§ **EXERCISE DETAILS**
The records that follow are to be repeated exactly, with no pictures carried over.

§ **RECORD EXCERPTS**
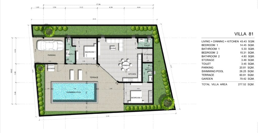 Pozemek vily o rozloze 303 m² poskytuje dostatek prostoru pro venkovní relax. Ať už se budete opalovat na tropickém slunci u soukromého bazénu nebo si dopřávat klidné chvíle uprostřed svěží zeleně, venkovní prostory vily nabízejí útočiště pro relaxaci a regeneraci.
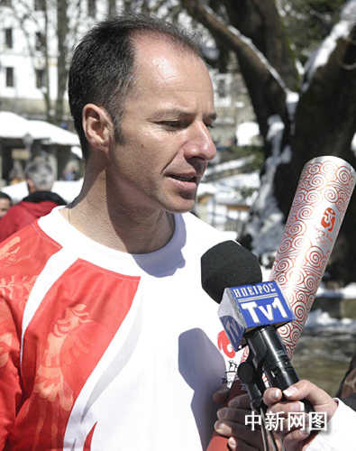 3月26日,北京奧運會圣火希臘境內(nèi)傳遞第三日,抵達冰雪覆蓋的山城邁措翁。火炬手、希臘越野滑雪運動員尼克考斯期待自己能參加2010年溫哥華冬奧會。中新社記者 王歡
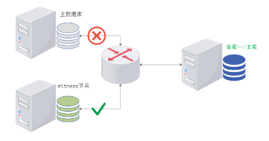 在此场景下,若备库端高可用监控简单依据与主库的失联即实施切换操作,显然不合理,极容易导致脑裂现象。可行的方案是在集群中设置witness节点作为辅助观察点,在备库观察到与主库失联时,可同时查看witness节点的可见性,若witness可见则实施切换。
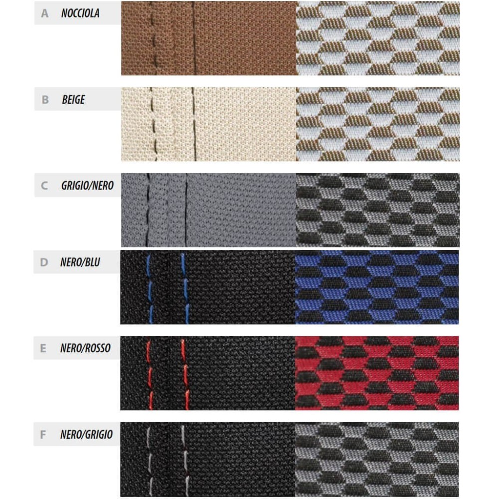 Lavorazione artigianale con tecnologia Cad/Cam e con cura nei minimi particolari per un montaggio ''Perfect-Fit''. Seguono scrupolosamente la sagoma dei sedili originali e li coprono completamente come un rivestimento. Quando installate sono un corpo unico con i sedili originali. Doppie cuciture a vista. Tessuto tecnico in poliestere certificato. Altissima resistenza alla rottura, abrasione, sfregamento, peeling, scolorimento, lavaggio. Non scolorisce al sole e nei ripetuti lavaggi. Imbottitura di supporto in spessa spugna antipiega da 8 mm accoppiata con maglina. Fianchi e retro elasticizzati, con spugna da 4 mm accoppiata a maglina. Taglio e cuciture simili al sedile originale. Con tasche di serie. Completo di aperture per poggiatesta, airbag e copripoggiatesta, copribraccioli, ecc. in conformita' alle caratteristiche dell?auto. Prodotto in Europa utilizzando tessuti italiani. Compatibilita': Fiat Bravo dal 02/2007 al 11/2015. Composizione: Sedili con o senza bracciolo anteriore, schienale posteriori ripiegabili (1/3 + 2/3). Colori disponibili: Grigio-Nero, Nero-Blu, Nero-Rosso, Nero-Grigio. N.B. In fase di ordine comunicare il colore scelto
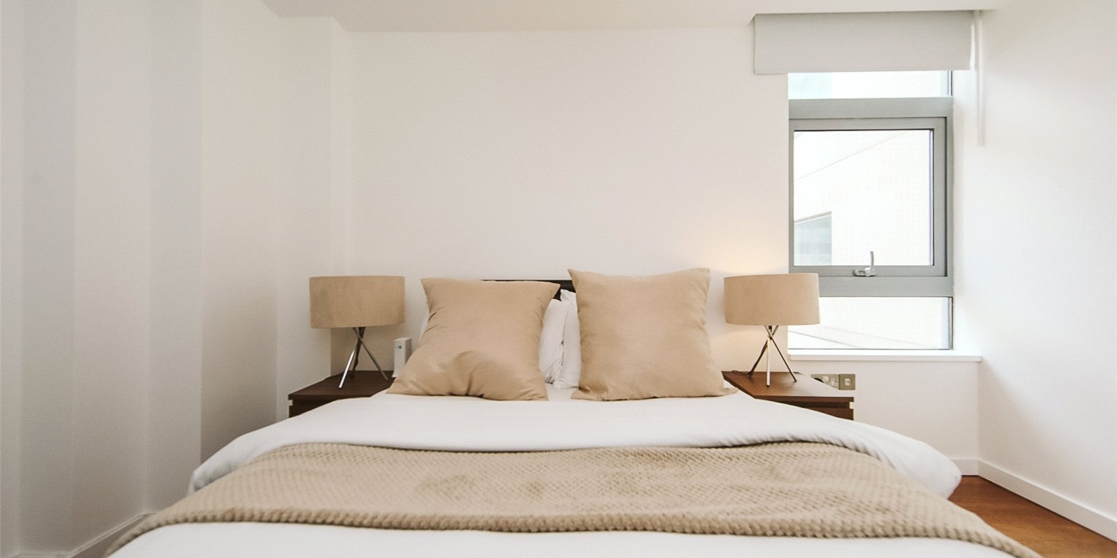 Both bedrooms are generously sized, with the master benefiting from built-in storage and en-suite. The sleek bathroom is finished to a high standard, and the property includes secure entry, lift access, and 24-hour concierge service.
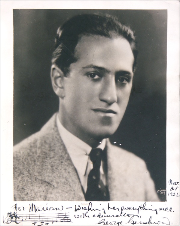 A showgirl’s souvenir: Gershwin signs a handsome portrait, adding a quotation from Rhapsody in Blue
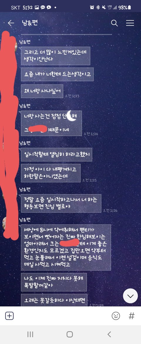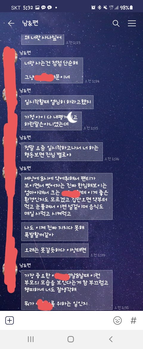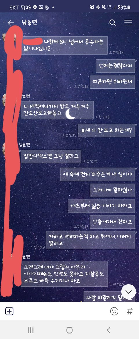 10일에 남편은 백신을 맞았고 토요일에 출근하지 않겠다고 해서 알겠다고 했고 저녁 2번 차리고 뒷정리 까지 다했습니다. 그과정에서 저는 늦지 않으면 기다렸다가 먹겠다 아님 먹고와라했더니 성질을 내면서 밥차리는게 그렇게 힘드냐 너 어차피 뒷정리도 안하지 않느냐 하는 소릴 듣고 저도 화가나서 전날 치킨 먹은 그릇 세개 그거 안치운거 아니냐하고 아이가 눈치 보길래 그만 했습니다.

§ **RESULT OF THIS EXERCISE**
 Pozemek vily o rozloze 303 m² poskytuje dostatek prostoru pro venkovní relax. Ať už se budete opalovat na tropickém slunci u soukromého bazénu nebo si dopřávat klidné chvíle uprostřed svěží zeleně, venkovní prostory vily nabízejí útočiště pro relaxaci a regeneraci.
 3月26日,北京奧運會圣火希臘境內(nèi)傳遞第三日,抵達冰雪覆蓋的山城邁措翁。火炬手、希臘越野滑雪運動員尼克考斯期待自己能參加2010年溫哥華冬奧會。中新社記者 王歡
 在此场景下,若备库端高可用监控简单依据与主库的失联即实施切换操作,显然不合理,极容易导致脑裂现象。可行的方案是在集群中设置witness节点作为辅助观察点,在备库观察到与主库失联时,可同时查看witness节点的可见性,若witness可见则实施切换。
 Lavorazione artigianale con tecnologia Cad/Cam e con cura nei minimi particolari per un montaggio ''Perfect-Fit''. Seguono scrupolosamente la sagoma dei sedili originali e li coprono completamente come un rivestimento. Quando installate sono un corpo unico con i sedili originali. Doppie cuciture a vista. Tessuto tecnico in poliestere certificato. Altissima resistenza alla rottura, abrasione, sfregamento, peeling, scolorimento, lavaggio. Non scolorisce al sole e nei ripetuti lavaggi. Imbottitura di supporto in spessa spugna antipiega da 8 mm accoppiata con maglina. Fianchi e retro elasticizzati, con spugna da 4 mm accoppiata a maglina. Taglio e cuciture simili al sedile originale. Con tasche di serie. Completo di aperture per poggiatesta, airbag e copripoggiatesta, copribraccioli, ecc. in conformita' alle caratteristiche dell?auto. Prodotto in Europa utilizzando tessuti italiani. Compatibilita': Fiat Bravo dal 02/2007 al 11/2015. Composizione: Sedili con o senza bracciolo anteriore, schienale posteriori ripiegabili (1/3 + 2/3). Colori disponibili: Grigio-Nero, Nero-Blu, Nero-Rosso, Nero-Grigio. N.B. In fase di ordine comunicare il colore scelto
 Both bedrooms are generously sized, with the master benefiting from built-in storage and en-suite. The sleek bathroom is finished to a high standard, and the property includes secure entry, lift access, and 24-hour concierge service.
 A showgirl’s souvenir: Gershwin signs a handsome portrait, adding a quotation from Rhapsody in Blue
 10일에 남편은 백신을 맞았고 토요일에 출근하지 않겠다고 해서 알겠다고 했고 저녁 2번 차리고 뒷정리 까지 다했습니다. 그과정에서 저는 늦지 않으면 기다렸다가 먹겠다 아님 먹고와라했더니 성질을 내면서 밥차리는게 그렇게 힘드냐 너 어차피 뒷정리도 안하지 않느냐 하는 소릴 듣고 저도 화가나서 전날 치킨 먹은 그릇 세개 그거 안치운거 아니냐하고 아이가 눈치 보길래 그만 했습니다.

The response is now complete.